Within that, there are lots of pockets of inefficiencies in the workforce. While we're trying to remove labor slack from the economy. There's a big skills gap in this country, meaning that there are many more skilled positions open than there are skilled workers. That's a structural problem, and I think that's about the fact that we need to dramatically beef up middle-skills training, job training and retraining, and it has to be done locally, because worker mobility is historically low.
Someone is not going to move 500 miles or 1,000 miles to take a job — it's more likely that if you're out of the job, you're going to need to get retrained locally. And we have not beefed up sufficiently that training capability. We're getting there, but not fast enough to keep up with the skills gap, which is growing. And it's growing because technology is rapidly causing people to be replaced by technology, and it's changing the relative importance of various jobs.
Unemployment is relatively low, and yet our public discourse is dominated by the need for more jobs. What do you see as the root of that disconnect?

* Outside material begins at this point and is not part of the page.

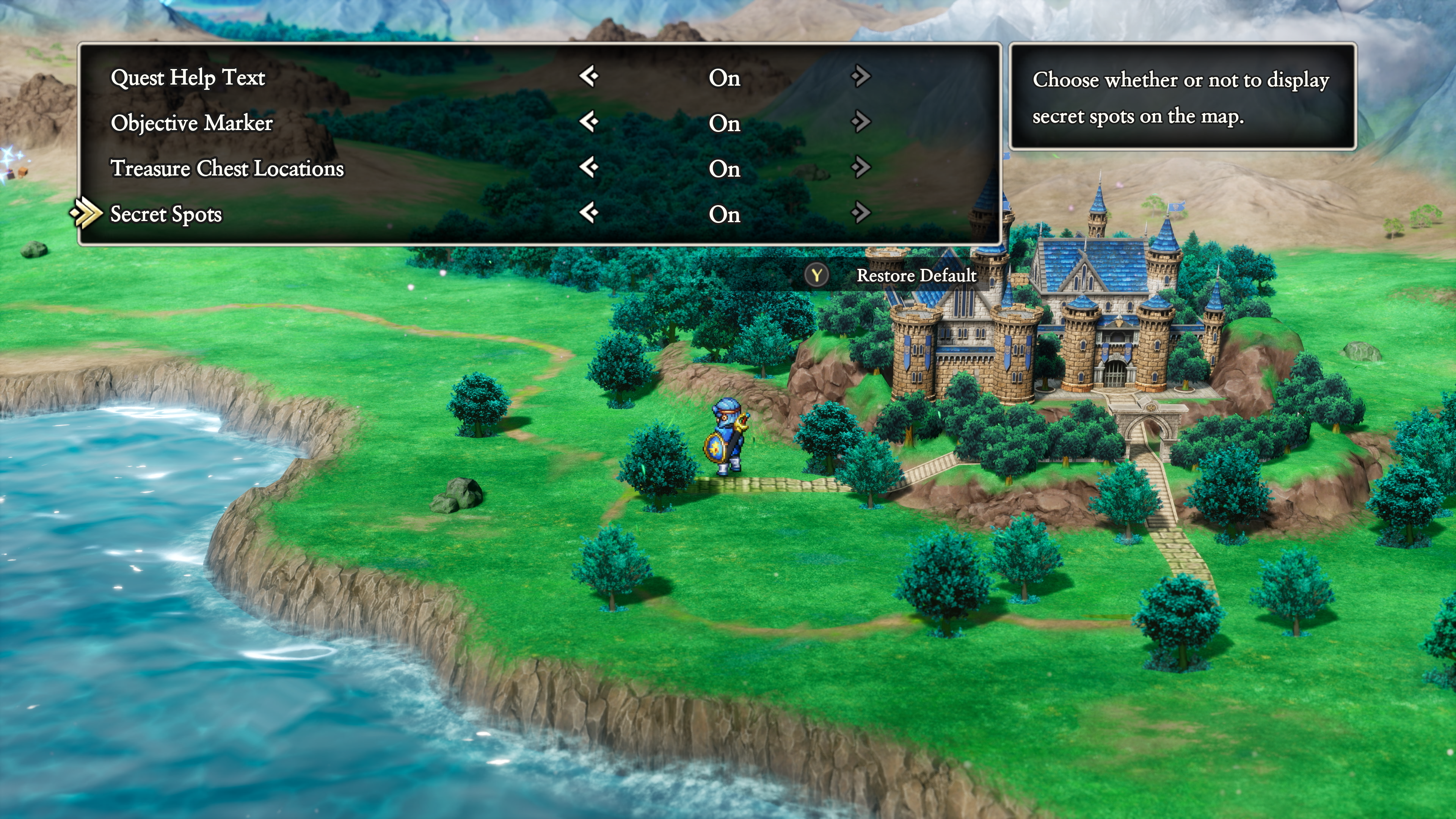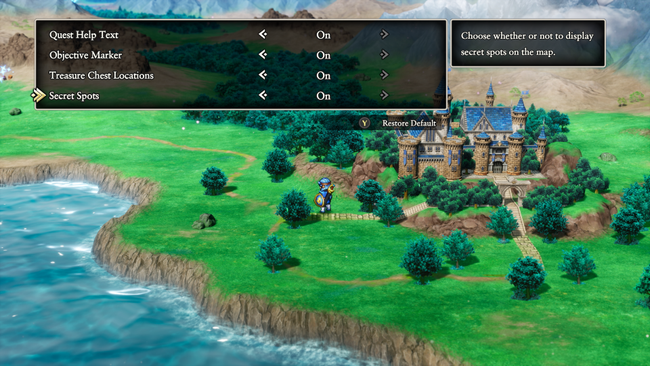 In this game, you can now choose in the settings whether to display the locations of hidden zones (secret spots) on the field, as well as the positions of treasure chests in towns and dungeons on the map.

I prefer to look at a different measure. I look at headline unemployment, but I also look at lots of other measures — look at discouraged workers, look at people working part time for economic reasons that would like to work full time, and in particular I like to look at something called U-6. Headline unemployment is U-3, but the measure I like better is U-6, which is unemployment rate plus discouraged workers who have given up looking, plus people working part time who want to work full time. That number is 8.6%. That number has also been declining, right along with the unemployment rate. The pre-recession low of that number is 8.1%. So that tells me we've still got some slack.
Those discouraged workers are not easy to get back into the workforce. This is why we need increased job training. But even though we have some slack, that 8.6% is not that much above the pre-recession low. But we've got to do more to get discouraged workers and people who are structurally struggling to participate in the workforce and be productive in the workforce.